Prefeitura cadastra famílias para programa habitacional

Novo conjunto é direcionado para famílias com renda de até R$ 1,6 mil
Rosimeire Silva
rosimeire.silva@jcruzeiro.com.br

Até o segundo semestre de 2014, a Prefeitura de Sorocaba espera concluir o novo conjunto de habitação popular voltado para famílias com renda até R$ 1,6 mil. Com um total de 2.560 unidades, o Condomínio Jardim Carandá, terá um custo estimado de R$ 226,3 milhões e será financiado com recursos do Banco do Brasil, por meio do programa Minha Casa Minha Vida, e o Casa Paulista, do Governo do Estado. De acordo com o secretário unicipal de Habitação, Hélio de Godoy, as obras terão início no mês de abril, na região do Parque São Bento, Zona Norte da cidade. O prazo de execução previsto é de um ano e meio.

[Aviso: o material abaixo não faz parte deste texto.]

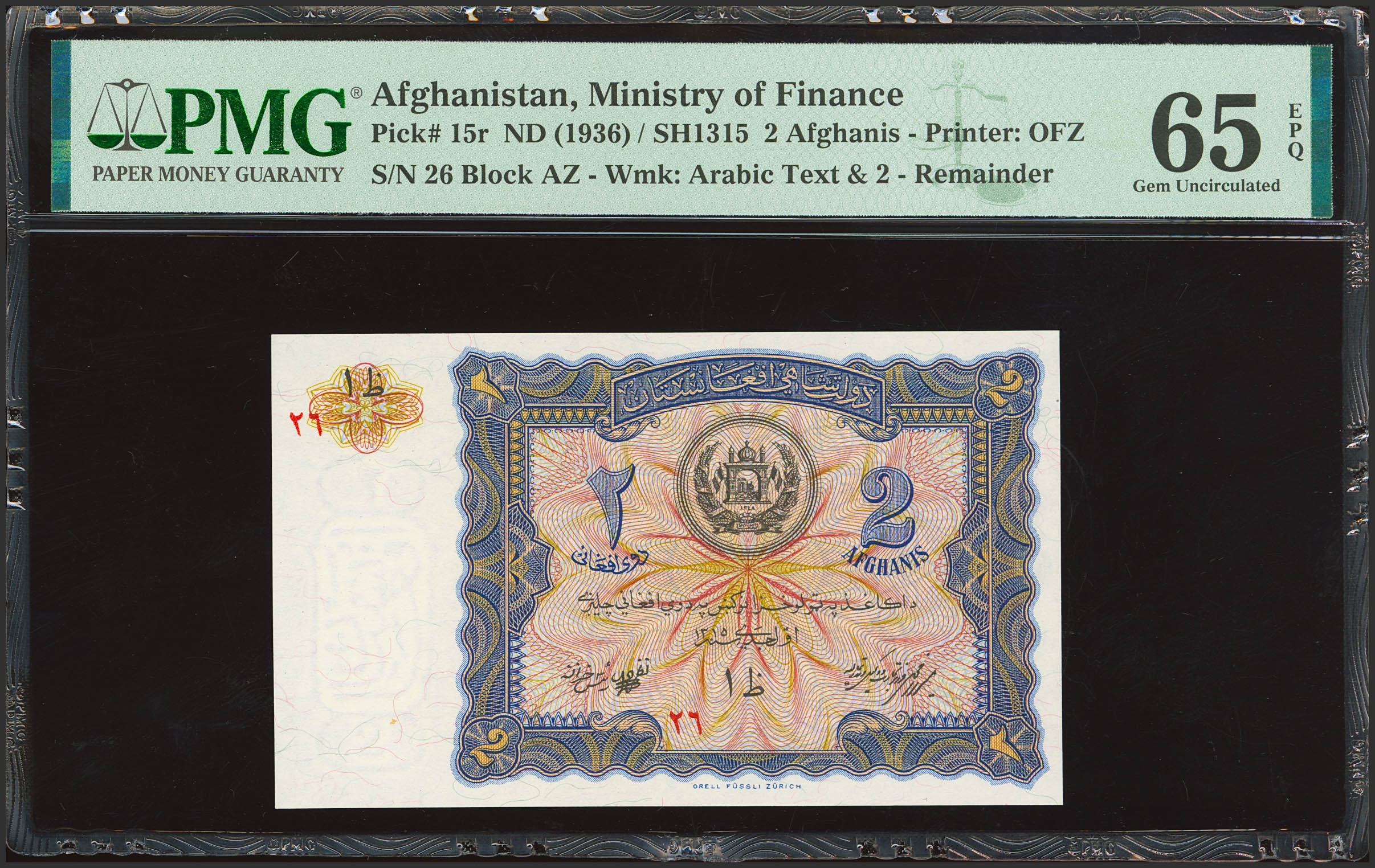 AFGHANISTAN. 2 Afghanis. 1936. Ministry of Finance. Remainder. (Pick: 15r). PMG65EPQ.

Para a seleção da famílias que poderão ser beneficiadas com as primeiras unidades do programa habitacional da administração municipal, na gestão do prefeito Antonio Carlos Pannunzio (PSDB), foi lançado ontem o Nossa Casa, que fará o cadastramento de todos os interessados em se habilitar. A inscrição pode ser feita no portal da Prefeitura (www.sorocaba.sp.gov.br).
 
Projetos futuros
 
Para as famílias que tenham renda total de até 10 salários mínimos (R$ 6.780), não possuam casa própria e não tenham sido beneficiados por projetos habitacionais, Godoy explicou que a Prefeitura também está cadastrando interessados em empreendimentos futuros a serem firmados em parceira com os governos federal e estadual, especialmente as que ganham entre 3 e 6 salários mínimos (entre R$ 2.044 e R$ 4.068).

A estimativa inicial do secretário é de que cerca de 40 mil famílias que ainda não possuem casa própria estão inseridas dentro da faixa de até dez salários mínimos. Deste total, a previsão é que de 12 mil e 15 mil famílias tenham rendimentos de R$ 1,6 mil e poderão ser beneficiadas nesta primeira etapa do programa. Outras 10 mil famílias devem estar na faixa de 3 a 6 salários. O restante tem renda acima desse patamar. "Nossa intenção neste governo não é atender somente as famílias em situação de risco, que foram incluídas em programas anteriores, mas também proporcionar uma chance para outras famílias de baixa renda que ainda vivem de aluguel possam a adquirir o seu imóvel próprio".

Embora o prazo de cadastramento no Nossa Casa não seja limitado, Godoy afirmou até o segundo semestre deste ano a Secretaria dever fazer uma pré-definição das famílias que poderão participar do sorteio das primeiras 2.560 unidades do programa construídas no Parque São Bento. Entre os critérios de seleção, além da renda familiar, ele disse que serão obedecidas as diretrizes já estabelecidas nos programas de financiamento, com preferência para as mulheres que são arrimo de família, pessoas com deficiência e idosos. O secretário afirmou que o Serviço Social fará visitas às famílias para fazer verificação dos dados declarados para que o grupo definido para o sorteio esteja realmente dentro do perfil previsto no programa.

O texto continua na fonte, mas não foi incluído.